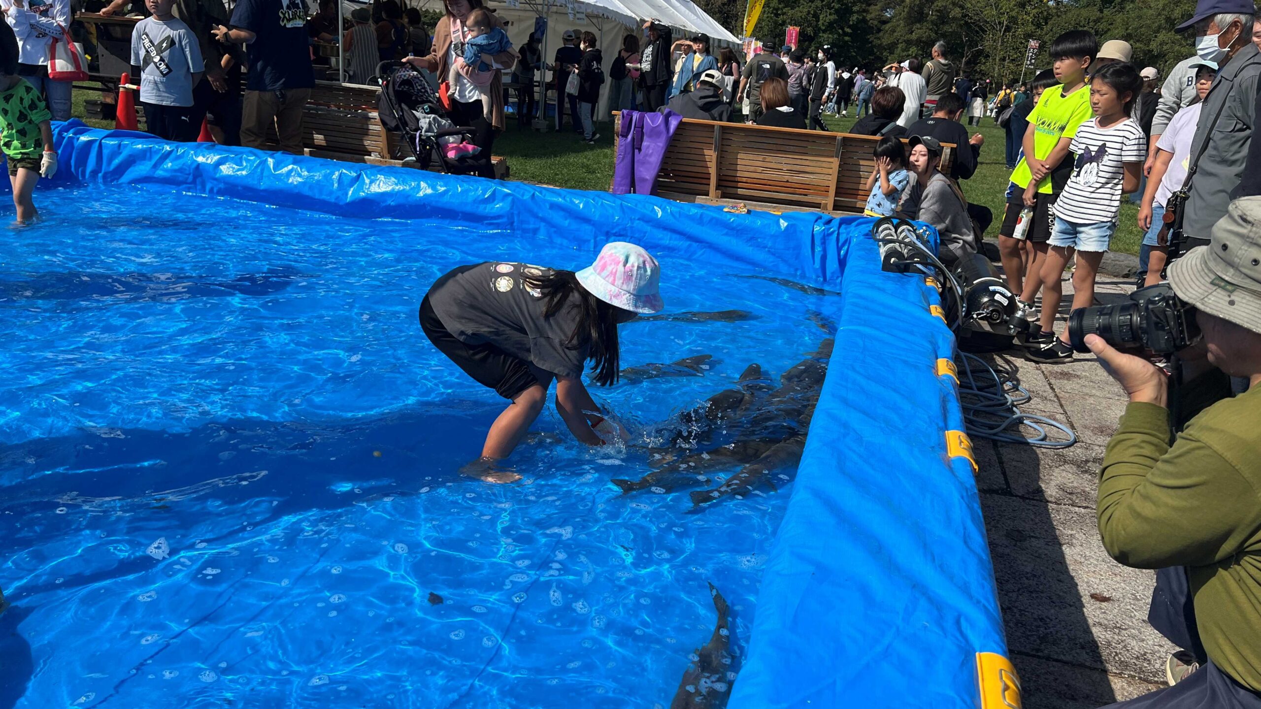 プールの中を泳ぐ秋鮭をゲットしよう!
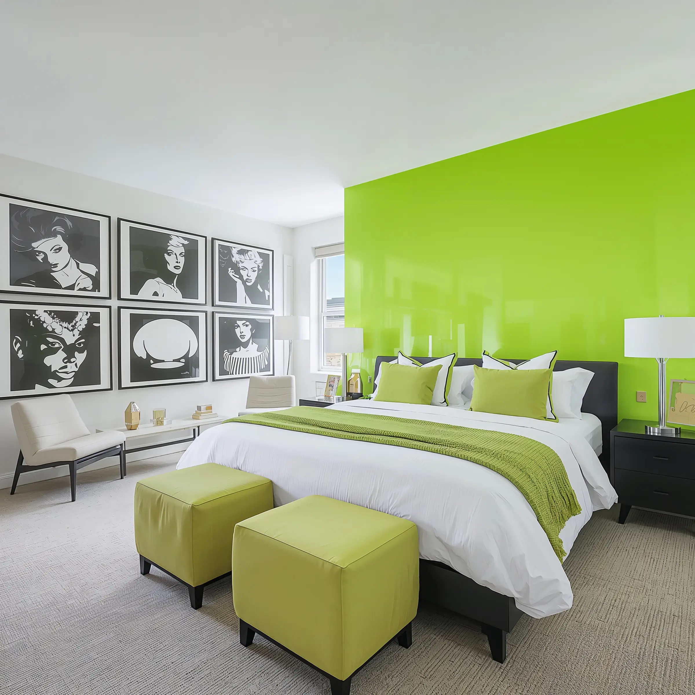 Pick the wall behind your headboard – it’s the natural focal point anyway. Go bold with a true emerald green, not some wishy-washy in-between shade. Sherwin-Williams’ Emerald or Benjamin Moore’s Chrome Green work beautifully. Then keep the other walls white or very light gray to let that green wall be the star.
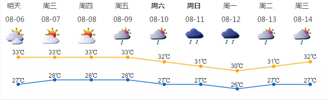 根據(jù)天氣預(yù)報,未來一周天氣以晴天為主,9號 -14號將有降雨,但氣溫依然是維持在30°C以上,最高氣溫達到33°C。
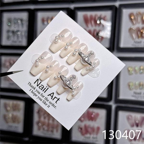 A luxurious, celestial-inspired press-on nail set featuring an elegant cream base adorned with delicate pearls and a statement silver Saturn-like planet charm. This design blends soft femininity with cosmic elegance, perfect for adding a refined sparkle to any outfit.
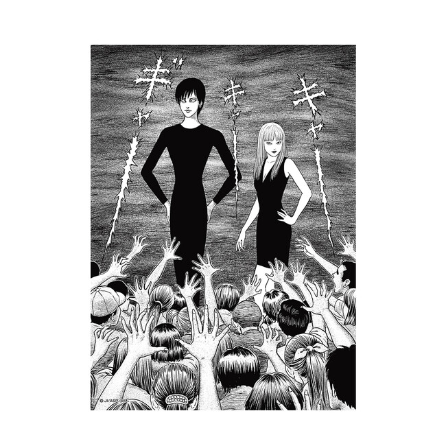 2023年にNetflixでの世界独占配信が決定した「伊藤潤二『マニアック』」でアニメ化される作品をはじめ、伊藤潤二先生の代表作の複製画が並ぶ。
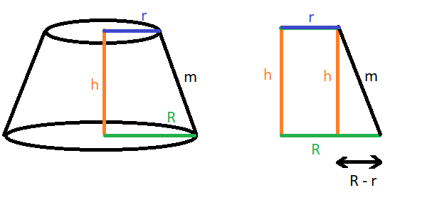 Benötigt wird h, r (Radius Deckfläche) und R (Radius Grundfläche):

● Exercise directions
Would you write each entry out again exactly, omitting the images?

● Answer box
 プールの中を泳ぐ秋鮭をゲットしよう!
 Pick the wall behind your headboard – it’s the natural focal point anyway. Go bold with a true emerald green, not some wishy-washy in-between shade. Sherwin-Williams’ Emerald or Benjamin Moore’s Chrome Green work beautifully. Then keep the other walls white or very light gray to let that green wall be the star.
 根據(jù)天氣預(yù)報,未來一周天氣以晴天為主,9號 -14號將有降雨,但氣溫依然是維持在30°C以上,最高氣溫達到33°C。
 A luxurious, celestial-inspired press-on nail set featuring an elegant cream base adorned with delicate pearls and a statement silver Saturn-like planet charm. This design blends soft femininity with cosmic elegance, perfect for adding a refined sparkle to any outfit.
 2023年にNetflixでの世界独占配信が決定した「伊藤潤二『マニアック』」でアニメ化される作品をはじめ、伊藤潤二先生の代表作の複製画が並ぶ。
 Benötigt wird h, r (Radius Deckfläche) und R (Radius Grundfläche):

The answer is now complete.